The Sierra Club, no surprise, in its July 9 brief attacked the deal, saying it “wildly and indefensibly” overinflates the value of Harrison and should be rejected.
The West Virginia Coal Association, in its pro-deal July 9 brief, didn’t show any worries about non-local coals for Harrison. “Some witness testimony advocated diversity of supply or don’t ‘put all your eggs in one basket,’” WVCA wrote. “That adage doesn’t apply here. Diversity of supply is only relevant if the main supply is inadequate or at risk. Such is not the case at Harrison. The coal supply is abundant; the reserves are abundant and are readily available. The reserves at Consol’s Robinson Run Mine are in excess of 30-50 years. There are no transportation unknowns or vulnerabilities with coal use at Harrison. In fact, a mine-mouth power station, of which there are few in this country, has essentially zero (0) transportation costs. Some of the alternatives suggested by witnesses advocating diversity would create problems for Mon Power and its customers because transporting coal by barge, rail or truck to other facility is expensive and is subject to unforeseen difficulties and interruptions.”

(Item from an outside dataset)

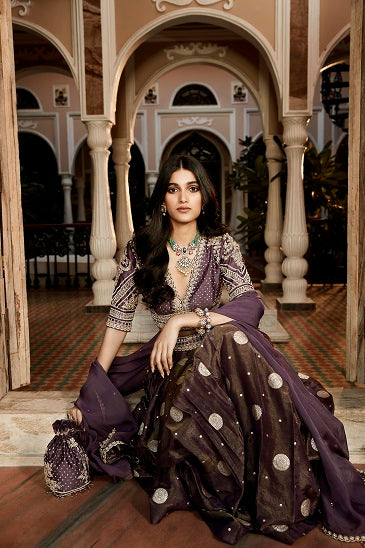The Kashi lehenga for the 22-23 season is crafted on tissue banarasi with a silken chanderi blouse. Hand dyed in our Burnt Lavender colour, introduced this season. The lehenga is adorned with Matsya's signature kachi dori & zardozi. The dupatta is in a georgette organza, light weight & flowy with detailed corners in couture embroidery.

The West Virginia Citizens Action Group (WVCAG) said in its anti-deal July 9 brief: “WVCAG urges the [PSC] to reject the petition because the proposed assets transfers violate the express terms of the Commission’s order entered in Case No. 10-0713-E-PC relating to transfers of assets between affiliated entities; because the evidence in this proceeding does not satisfy minimally applicable statutory criteria, and because the proposed transfers are not reasonable under even the broadest reading of the discretion accorded the Commission by applicable statutes.”

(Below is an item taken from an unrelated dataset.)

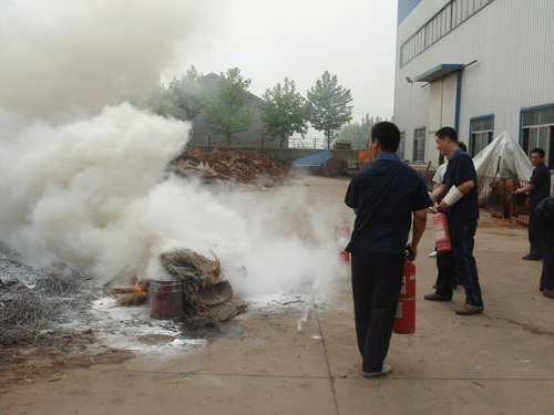 2009年6月28日, 每年一次的安全消防常識講座如期在淄博太極搪玻璃設(shè)備有限公司會議室舉行。安全大會上公司安全技術(shù)負責(zé)人對全體職工進行了深刻的安全意識教育。今年夏季異常高溫干燥,雖然這種天氣對于搪玻璃設(shè)備的制造創(chuàng)造很好的條件,但高溫干燥極易引起火災(zāi),倡導(dǎo)每個職工一定有較高的安全防火意識。會后公司組織各生產(chǎn)的全體職工進行消防模擬演習(xí)。

The West Virginia Energy Users Group, representing major industrial power customers, criticized how the deal was negotiated by the Mon Power team, adding: “At best, given the purchase price proposed by FirstEnergy, it is uncertain that adding $1.1 billion to rate base for more coal-fired generation is reasonable given the risk of potential additional costs due to the so-called ‘War on Coal,’ the effect of which would be to shift the cost of that ‘war’ to ratepayers. In light of this risk, the current, relatively stable wholesale market prices available to meet the Companies’ needs seem reasonable. Further, the Companies’ ability to use that market as a hedge against the risk of costs associated with Mon Power’s existing coal-fired assets (which reflect most of its portfolio) might be a better approach in the short term.”